Gas Laws

Flashcards on Gas Laws and States of Matter

Gas

Matter that has indefinite shape and volume, very low density, is highly compressible, has a high rate of diffusion and exerts pressure.

Liquid

Matter that has indefinite shape, definite volume, relatively high density, is relatively incompressible, has the ability to diffuse and has surface tension.

Solid

Matter that has definite shape and volume, very high density, is the least compressible, and has a low rate of diffusion.

Amorphous Solid

Solid with random arrangement of particles; examples are glass and plastic.

Crystalline Solid

Solid that exist as single crystal or group of crystals with definite, organized arrangement and very strong attraction; four types are ionic crystals, covalent network, covalent molecular, metallic crystals.

Ionic Crystals

Crystals with ionic bonds, high melting point, good insulators, hard and brittle, not a good conductor (only good in solution), and strong bonds. (Salt)

Covalent Network Crystals

Crystals with strong covalent bonds, high melting point, semi or non-conductors, hard and brittle; arrangement determines properties. Diamond/quartz are good examples.

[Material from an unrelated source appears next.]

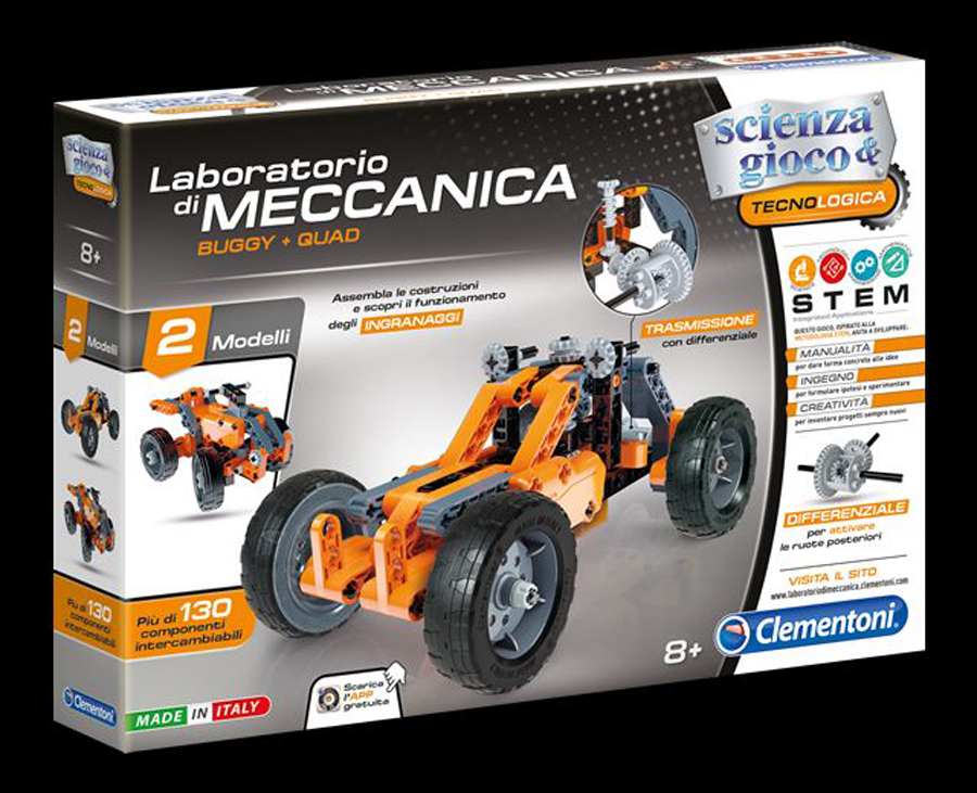 Научный комплект, который позволяет открыть все секреты четырехколесных внедорожников. Благодаря двум динамическим моделям багги и квадроциклу, дети могут узнать, как работают механизмы передачи. Содержит более 130 взаимозаменяемых компонентов (диски, шины, панели, стержни и штифты и др.). В дополнение к инструкции по сборке, лист с множеством интересных научных фактов о внедорожных транспортных средствах и механике двигателей внутреннего сгорания. Возрастное ограничение 8+

Covalent Molecular Crystals

Crystals held together by intermolecular forces NOT sharing electrons, lower melting/boiling point, good insulators, relatively soft. (ice)

Metallic Crystals

Crystals with metal atoms surrounded by delocalized “sea of electrons”/metallic bonding, very high density, excellent conductors, malleable, ductile, luster.

Sublimation

Change of state from solid to gas.

Deposition

Change of state from gas to solid.

Boiling

Change of state from liquid to gas; escape from entire sample, needs to be heated.

Evaporation

Change of state from liquid to gas; escape from surface only, doesn't need to be heated.

Triple Point

Point on a phase diagram where a substance exists in all three states.

Molar heat of fusion

Energy needed to change substance from solid to liquid.

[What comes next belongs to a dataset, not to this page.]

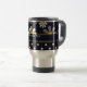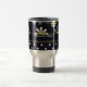Uma caneca de viagem com um teste padrão de flor retro feminino da modificação na parte superior com as margaridas brancas com centros amarelos contra um fundo dos azuis marinhos, e um teste padrão de bolinhas azul e branco na moda na parte inferior. Personalize adicionando seu nome. Aperfeiçoe o presente para uma menina feminino à moda.

Molar heat of vaporization

Energy to change substance from liquid to gas.

Kinetic Molecular Theory

Attempts to explain behavior of an ideal gas; Gases consist of tiny particles, Volume of individual particles is negligible, Particles are in constant, random motion, Force of attraction between is very weak, Collisions are elastic and exert pressure, Kinetic energy is directly proportional to the temperature (in Kelvin) of the gas.

Pressure

Force/Area

STP

Conditions are 1 atm and 273 K and 1 mole of gas at STP = 22.4 L

Boyle’s Law

Pressure and Volume are inversely proportional at constant temperature and moles of gas

Charles's Law

Volume and Temperature are directly proportional at constant pressure and moles of gas; when something is heated, it expands and when something is cooled, it contracts

Amonton’s Law

Pressure and temperature are directly proportional at constant volume and amount of gas

Avogadro’s Law

Volume and # of moles are directly proportional at constant pressure and temperature.

Ideal Gas Law

This law applies to ideal gases; A real gas deviates from ideal gas behavior at very low temperatures and high pressure.

Dalton’s Law of Partial Pressure

The pressure of a mixture of gases is equal to the sum of pressures of the individual gases; A gas’s individual pressure is proportional to the amount of mixture comprises.

Graham’s Law

The rate at which gases effuse or diffuse is inversely proportional to the square root of their densities.